All of the data, except its images, should be set down exactly as it appears.

Items from a data source
------------
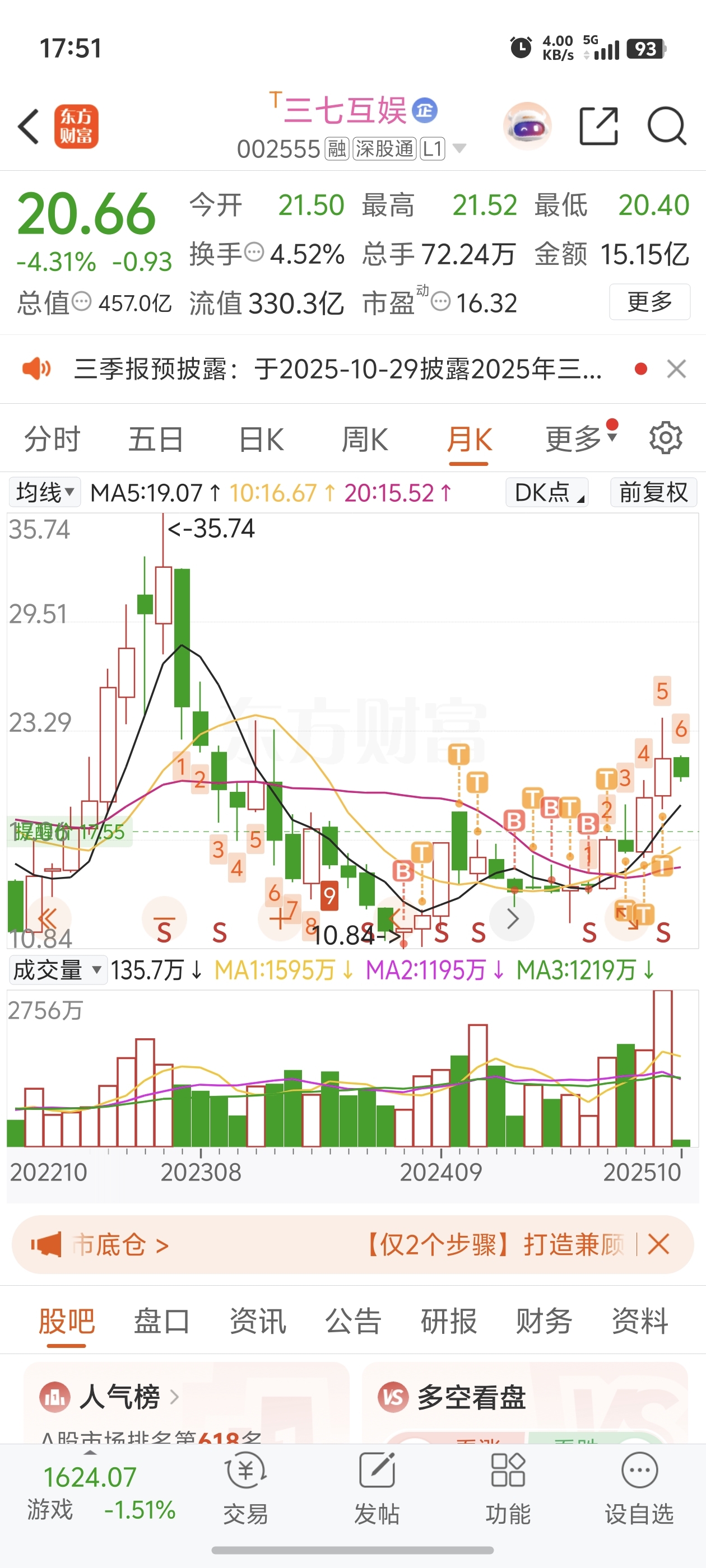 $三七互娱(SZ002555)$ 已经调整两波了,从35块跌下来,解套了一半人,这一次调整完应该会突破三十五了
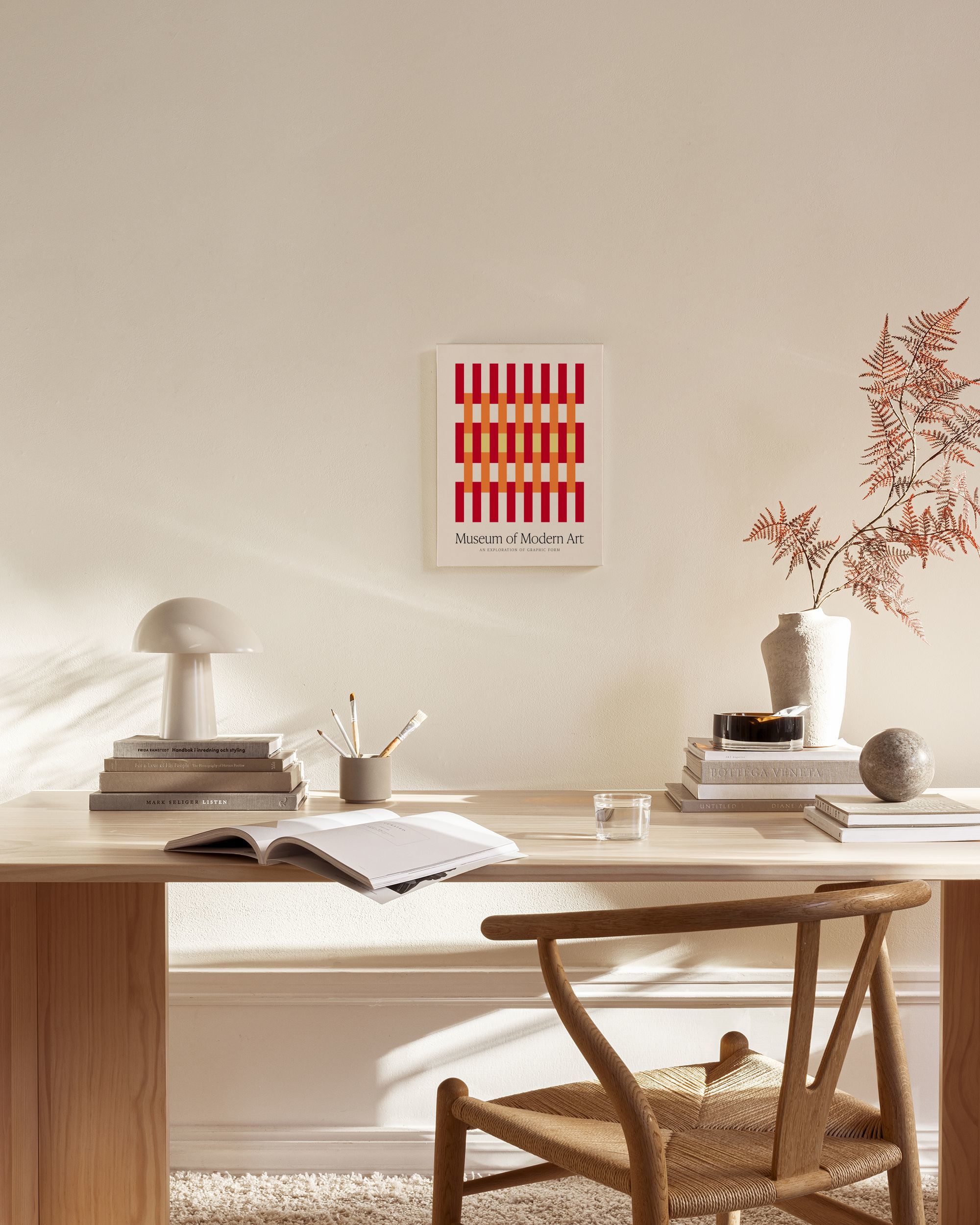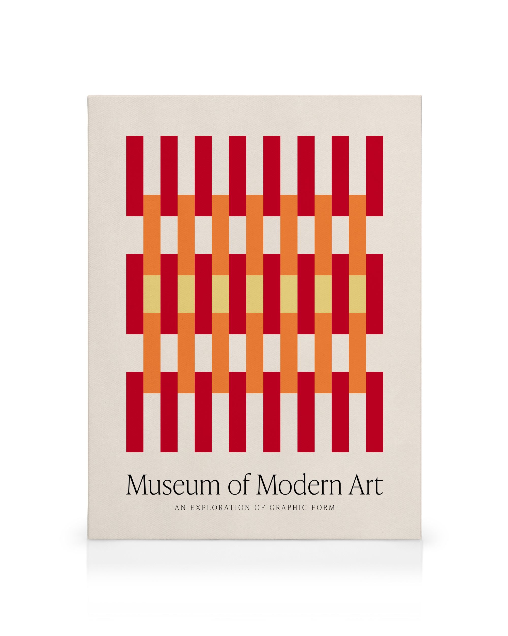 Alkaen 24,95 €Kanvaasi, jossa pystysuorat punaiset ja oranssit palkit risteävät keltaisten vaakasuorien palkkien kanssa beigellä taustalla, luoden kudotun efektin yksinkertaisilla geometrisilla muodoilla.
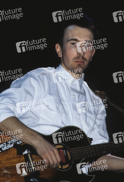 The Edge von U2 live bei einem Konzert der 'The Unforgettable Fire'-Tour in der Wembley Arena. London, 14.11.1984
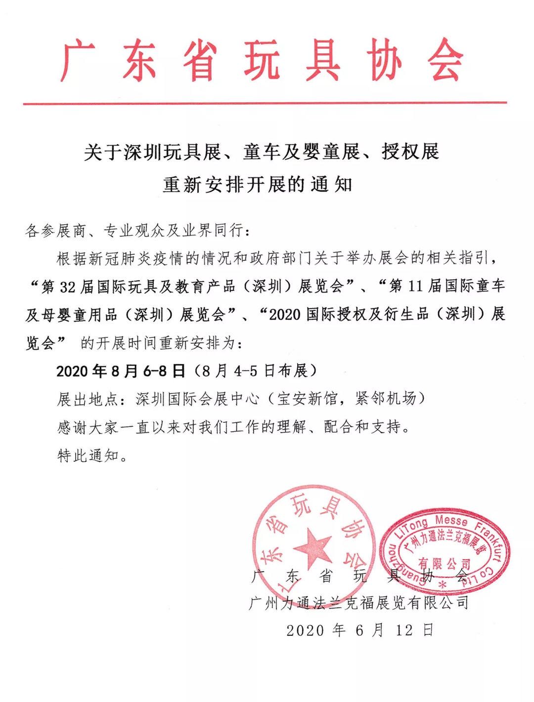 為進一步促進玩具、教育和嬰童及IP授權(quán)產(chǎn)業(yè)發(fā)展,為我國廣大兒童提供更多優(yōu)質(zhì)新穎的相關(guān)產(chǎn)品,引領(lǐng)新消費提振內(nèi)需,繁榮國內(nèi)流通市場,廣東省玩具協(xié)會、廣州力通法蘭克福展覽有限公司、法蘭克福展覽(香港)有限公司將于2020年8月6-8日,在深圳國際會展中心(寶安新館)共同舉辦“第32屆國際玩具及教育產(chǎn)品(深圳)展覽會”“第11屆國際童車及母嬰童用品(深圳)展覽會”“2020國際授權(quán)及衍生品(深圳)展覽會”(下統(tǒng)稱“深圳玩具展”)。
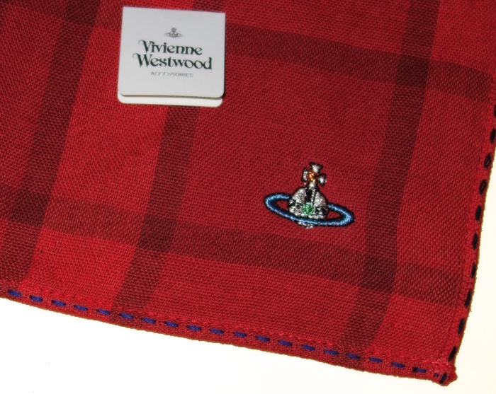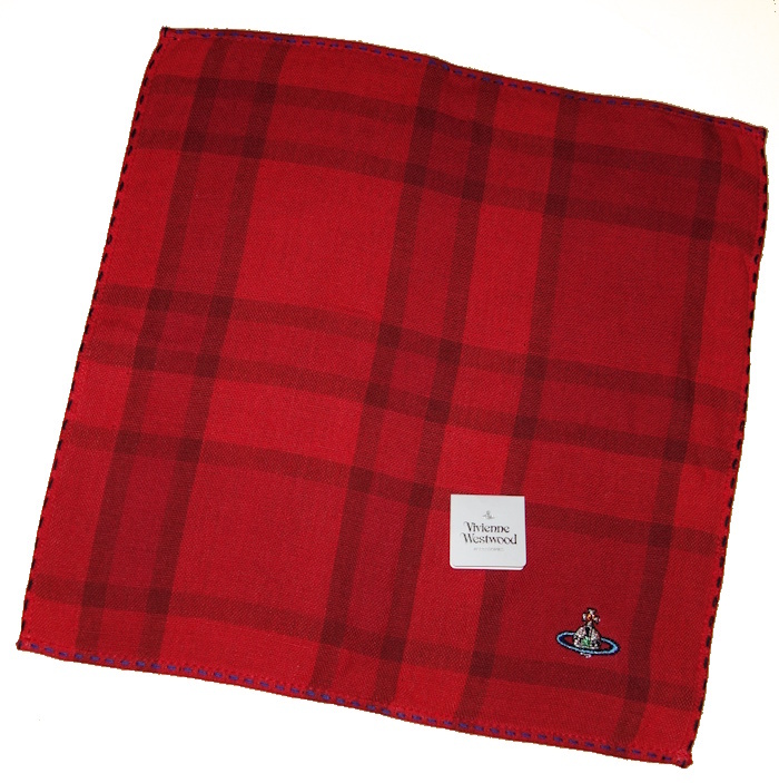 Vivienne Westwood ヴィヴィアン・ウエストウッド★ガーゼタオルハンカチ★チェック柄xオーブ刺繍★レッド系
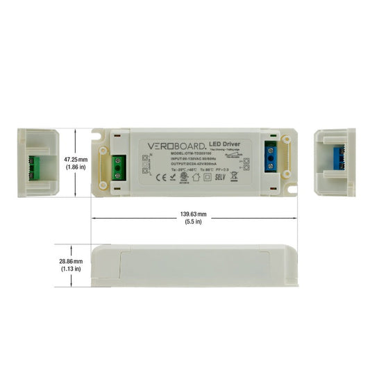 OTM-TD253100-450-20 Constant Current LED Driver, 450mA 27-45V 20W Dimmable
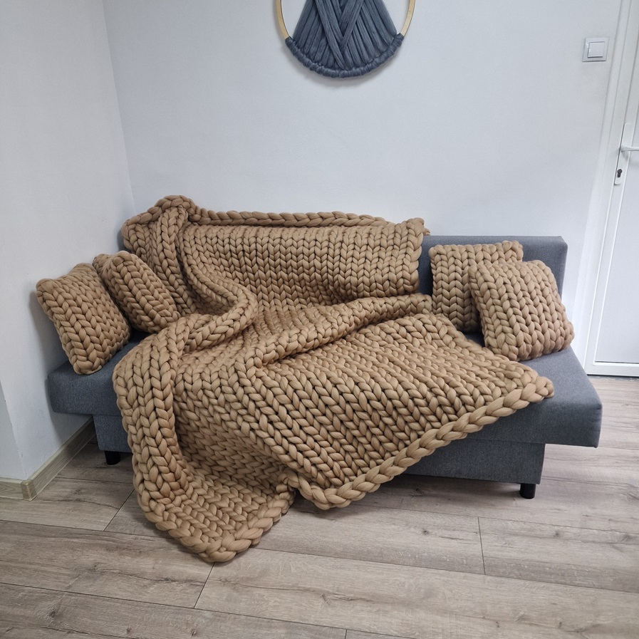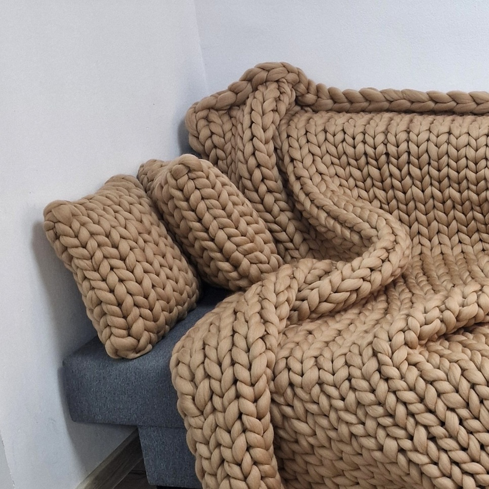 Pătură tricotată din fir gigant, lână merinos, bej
------------
■ ANSWER TO THIS EXERCISE:
 $三七互娱(SZ002555)$ 已经调整两波了,从35块跌下来,解套了一半人,这一次调整完应该会突破三十五了
 Alkaen 24,95 €Kanvaasi, jossa pystysuorat punaiset ja oranssit palkit risteävät keltaisten vaakasuorien palkkien kanssa beigellä taustalla, luoden kudotun efektin yksinkertaisilla geometrisilla muodoilla.
 The Edge von U2 live bei einem Konzert der 'The Unforgettable Fire'-Tour in der Wembley Arena. London, 14.11.1984
 為進一步促進玩具、教育和嬰童及IP授權(quán)產(chǎn)業(yè)發(fā)展,為我國廣大兒童提供更多優(yōu)質(zhì)新穎的相關(guān)產(chǎn)品,引領(lǐng)新消費提振內(nèi)需,繁榮國內(nèi)流通市場,廣東省玩具協(xié)會、廣州力通法蘭克福展覽有限公司、法蘭克福展覽(香港)有限公司將于2020年8月6-8日,在深圳國際會展中心(寶安新館)共同舉辦“第32屆國際玩具及教育產(chǎn)品(深圳)展覽會”“第11屆國際童車及母嬰童用品(深圳)展覽會”“2020國際授權(quán)及衍生品(深圳)展覽會”(下統(tǒng)稱“深圳玩具展”)。
 Vivienne Westwood ヴィヴィアン・ウエストウッド★ガーゼタオルハンカチ★チェック柄xオーブ刺繍★レッド系
 OTM-TD253100-450-20 Constant Current LED Driver, 450mA 27-45V 20W Dimmable
 Pătură tricotată din fir gigant, lână merinos, bej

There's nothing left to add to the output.